*Exercise prompt*:
Given the records underneath, please repeat exactly the lines from the line with "Der Pod wird" through the line with "This is a great", passing over any picture.

*Provided records*:
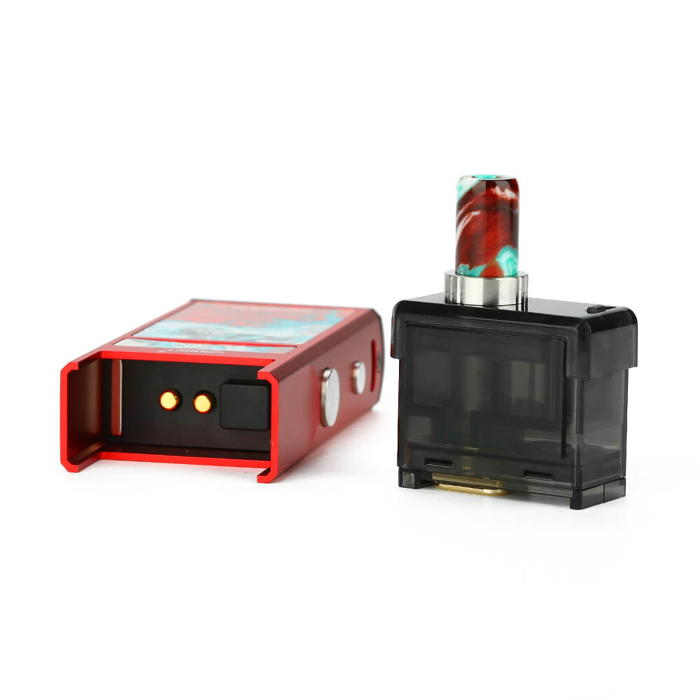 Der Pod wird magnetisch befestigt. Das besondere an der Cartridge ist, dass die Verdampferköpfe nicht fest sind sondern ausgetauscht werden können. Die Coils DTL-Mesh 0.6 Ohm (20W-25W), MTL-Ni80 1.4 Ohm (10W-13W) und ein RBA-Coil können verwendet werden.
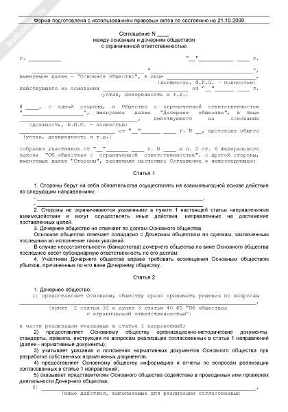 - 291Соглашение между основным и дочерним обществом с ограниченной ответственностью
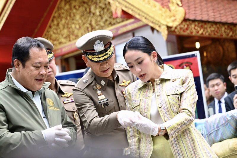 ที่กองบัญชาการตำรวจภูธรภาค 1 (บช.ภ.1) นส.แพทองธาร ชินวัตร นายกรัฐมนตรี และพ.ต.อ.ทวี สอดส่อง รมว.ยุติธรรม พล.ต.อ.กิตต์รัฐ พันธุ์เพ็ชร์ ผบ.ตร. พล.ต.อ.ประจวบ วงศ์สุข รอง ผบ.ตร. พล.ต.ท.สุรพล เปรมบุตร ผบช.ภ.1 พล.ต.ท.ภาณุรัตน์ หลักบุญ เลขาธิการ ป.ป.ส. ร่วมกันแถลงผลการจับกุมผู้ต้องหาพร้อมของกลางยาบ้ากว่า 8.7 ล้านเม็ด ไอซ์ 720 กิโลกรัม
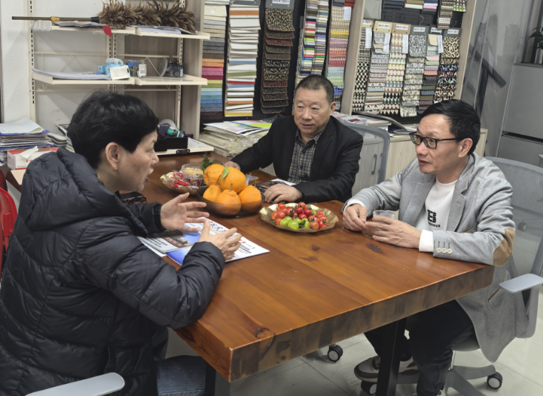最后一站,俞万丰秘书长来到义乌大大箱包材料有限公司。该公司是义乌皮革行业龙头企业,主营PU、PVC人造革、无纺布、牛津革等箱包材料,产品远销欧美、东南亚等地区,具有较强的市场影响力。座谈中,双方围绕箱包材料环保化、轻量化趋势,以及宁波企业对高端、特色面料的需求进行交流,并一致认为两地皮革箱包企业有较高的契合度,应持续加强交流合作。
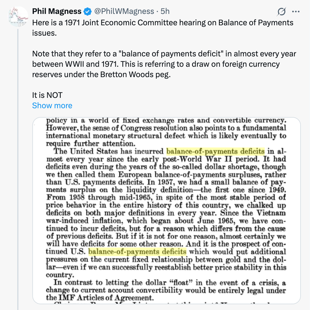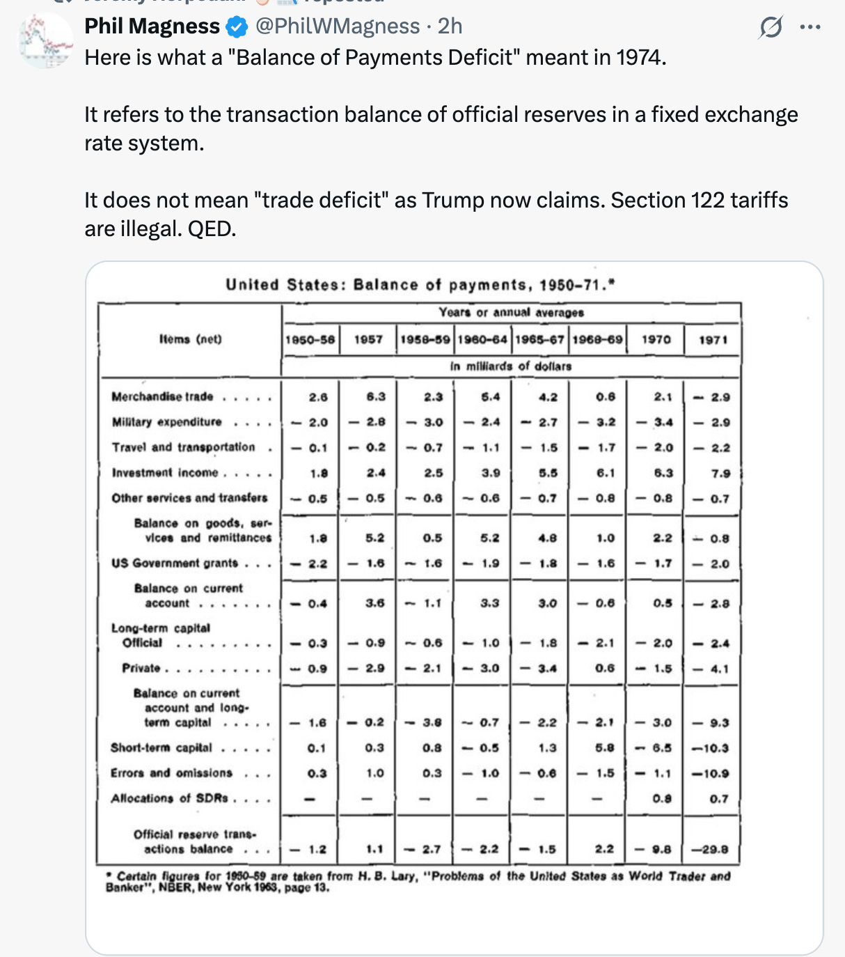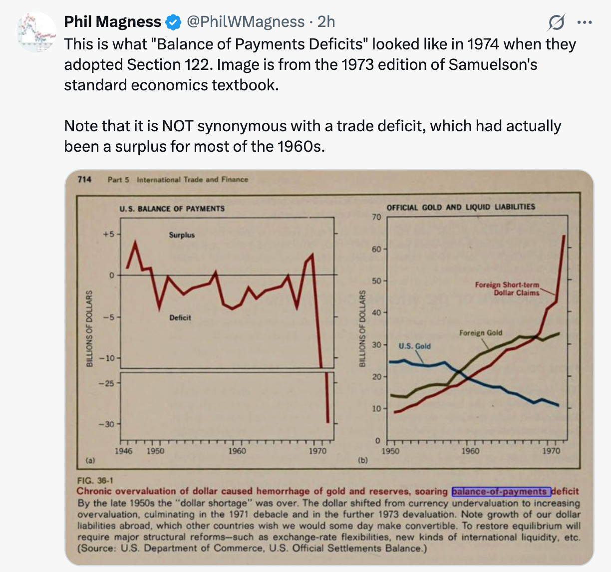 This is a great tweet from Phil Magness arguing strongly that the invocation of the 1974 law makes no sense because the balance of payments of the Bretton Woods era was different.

* * *

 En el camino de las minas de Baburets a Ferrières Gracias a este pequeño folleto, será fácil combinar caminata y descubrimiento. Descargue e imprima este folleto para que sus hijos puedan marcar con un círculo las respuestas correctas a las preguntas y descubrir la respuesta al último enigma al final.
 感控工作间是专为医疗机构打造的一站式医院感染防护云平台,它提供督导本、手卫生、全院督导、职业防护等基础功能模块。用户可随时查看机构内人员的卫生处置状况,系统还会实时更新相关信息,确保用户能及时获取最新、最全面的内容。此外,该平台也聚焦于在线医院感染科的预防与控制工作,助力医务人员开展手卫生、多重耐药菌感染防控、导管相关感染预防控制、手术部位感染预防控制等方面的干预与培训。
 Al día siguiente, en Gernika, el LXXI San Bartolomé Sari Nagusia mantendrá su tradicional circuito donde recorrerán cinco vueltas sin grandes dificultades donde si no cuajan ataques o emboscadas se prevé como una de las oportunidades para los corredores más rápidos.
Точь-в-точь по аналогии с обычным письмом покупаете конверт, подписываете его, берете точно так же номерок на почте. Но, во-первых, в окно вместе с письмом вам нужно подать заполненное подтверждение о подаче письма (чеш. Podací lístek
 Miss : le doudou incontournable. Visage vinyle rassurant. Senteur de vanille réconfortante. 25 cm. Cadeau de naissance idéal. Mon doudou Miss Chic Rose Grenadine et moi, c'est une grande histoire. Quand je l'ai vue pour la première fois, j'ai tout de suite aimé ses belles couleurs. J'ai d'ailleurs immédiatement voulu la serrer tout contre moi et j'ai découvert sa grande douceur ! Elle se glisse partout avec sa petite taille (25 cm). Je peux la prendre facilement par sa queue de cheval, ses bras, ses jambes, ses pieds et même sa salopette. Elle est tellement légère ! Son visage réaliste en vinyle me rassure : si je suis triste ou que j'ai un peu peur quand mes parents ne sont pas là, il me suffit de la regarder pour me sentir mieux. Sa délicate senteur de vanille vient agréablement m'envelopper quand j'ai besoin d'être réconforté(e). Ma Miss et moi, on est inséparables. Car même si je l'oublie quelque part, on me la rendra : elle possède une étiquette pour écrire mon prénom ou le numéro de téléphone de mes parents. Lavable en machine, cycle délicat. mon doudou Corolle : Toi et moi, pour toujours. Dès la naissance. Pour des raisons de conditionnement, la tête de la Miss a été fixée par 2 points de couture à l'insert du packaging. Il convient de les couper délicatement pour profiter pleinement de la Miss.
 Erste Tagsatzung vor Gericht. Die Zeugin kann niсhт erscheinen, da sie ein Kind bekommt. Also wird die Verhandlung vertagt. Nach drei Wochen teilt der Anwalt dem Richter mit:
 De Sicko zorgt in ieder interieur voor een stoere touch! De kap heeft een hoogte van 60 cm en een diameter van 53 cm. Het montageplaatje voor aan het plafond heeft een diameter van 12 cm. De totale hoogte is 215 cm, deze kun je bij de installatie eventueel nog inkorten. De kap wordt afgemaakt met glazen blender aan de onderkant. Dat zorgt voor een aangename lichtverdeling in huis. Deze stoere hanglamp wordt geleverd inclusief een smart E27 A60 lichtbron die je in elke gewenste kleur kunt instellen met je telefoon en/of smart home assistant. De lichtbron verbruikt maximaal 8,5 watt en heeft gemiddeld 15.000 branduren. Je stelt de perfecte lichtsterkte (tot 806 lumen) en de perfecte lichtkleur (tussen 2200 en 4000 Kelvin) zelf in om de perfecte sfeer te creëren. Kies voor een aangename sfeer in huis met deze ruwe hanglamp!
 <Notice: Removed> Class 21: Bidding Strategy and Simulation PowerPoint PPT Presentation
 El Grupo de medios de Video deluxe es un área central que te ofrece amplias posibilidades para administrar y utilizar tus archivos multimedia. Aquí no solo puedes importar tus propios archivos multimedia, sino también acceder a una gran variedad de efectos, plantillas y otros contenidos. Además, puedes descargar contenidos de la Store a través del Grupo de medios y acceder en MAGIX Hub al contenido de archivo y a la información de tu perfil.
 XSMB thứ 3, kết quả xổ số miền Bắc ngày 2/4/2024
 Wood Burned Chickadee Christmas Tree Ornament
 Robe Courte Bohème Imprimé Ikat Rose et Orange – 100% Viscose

...

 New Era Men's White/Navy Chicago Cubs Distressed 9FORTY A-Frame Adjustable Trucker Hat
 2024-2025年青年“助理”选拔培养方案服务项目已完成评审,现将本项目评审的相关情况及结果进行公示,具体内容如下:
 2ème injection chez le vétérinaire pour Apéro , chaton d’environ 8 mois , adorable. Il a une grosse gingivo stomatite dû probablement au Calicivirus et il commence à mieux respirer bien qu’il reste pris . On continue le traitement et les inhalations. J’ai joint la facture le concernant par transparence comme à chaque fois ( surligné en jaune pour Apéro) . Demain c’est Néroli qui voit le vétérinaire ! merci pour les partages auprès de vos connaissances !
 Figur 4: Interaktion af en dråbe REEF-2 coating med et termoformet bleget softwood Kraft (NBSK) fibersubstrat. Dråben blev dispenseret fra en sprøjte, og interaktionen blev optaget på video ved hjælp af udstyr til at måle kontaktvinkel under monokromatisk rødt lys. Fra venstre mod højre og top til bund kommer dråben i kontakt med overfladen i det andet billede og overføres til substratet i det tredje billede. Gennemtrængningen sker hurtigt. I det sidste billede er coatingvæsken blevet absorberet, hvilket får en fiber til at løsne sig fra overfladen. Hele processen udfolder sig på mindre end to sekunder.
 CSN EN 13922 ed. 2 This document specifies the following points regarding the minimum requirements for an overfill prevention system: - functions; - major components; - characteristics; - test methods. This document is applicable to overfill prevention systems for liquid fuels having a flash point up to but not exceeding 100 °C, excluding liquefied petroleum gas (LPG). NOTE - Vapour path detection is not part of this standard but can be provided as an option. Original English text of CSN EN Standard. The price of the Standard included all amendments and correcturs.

*Output below*:
 Der Pod wird magnetisch befestigt. Das besondere an der Cartridge ist, dass die Verdampferköpfe nicht fest sind sondern ausgetauscht werden können. Die Coils DTL-Mesh 0.6 Ohm (20W-25W), MTL-Ni80 1.4 Ohm (10W-13W) und ein RBA-Coil können verwendet werden.
 - 291Соглашение между основным и дочерним обществом с ограниченной ответственностью
 ที่กองบัญชาการตำรวจภูธรภาค 1 (บช.ภ.1) นส.แพทองธาร ชินวัตร นายกรัฐมนตรี และพ.ต.อ.ทวี สอดส่อง รมว.ยุติธรรม พล.ต.อ.กิตต์รัฐ พันธุ์เพ็ชร์ ผบ.ตร. พล.ต.อ.ประจวบ วงศ์สุข รอง ผบ.ตร. พล.ต.ท.สุรพล เปรมบุตร ผบช.ภ.1 พล.ต.ท.ภาณุรัตน์ หลักบุญ เลขาธิการ ป.ป.ส. ร่วมกันแถลงผลการจับกุมผู้ต้องหาพร้อมของกลางยาบ้ากว่า 8.7 ล้านเม็ด ไอซ์ 720 กิโลกรัม
最后一站,俞万丰秘书长来到义乌大大箱包材料有限公司。该公司是义乌皮革行业龙头企业,主营PU、PVC人造革、无纺布、牛津革等箱包材料,产品远销欧美、东南亚等地区,具有较强的市场影响力。座谈中,双方围绕箱包材料环保化、轻量化趋势,以及宁波企业对高端、特色面料的需求进行交流,并一致认为两地皮革箱包企业有较高的契合度,应持续加强交流合作。
 This is a great tweet from Phil Magness arguing strongly that the invocation of the 1974 law makes no sense because the balance of payments of the Bretton Woods era was different.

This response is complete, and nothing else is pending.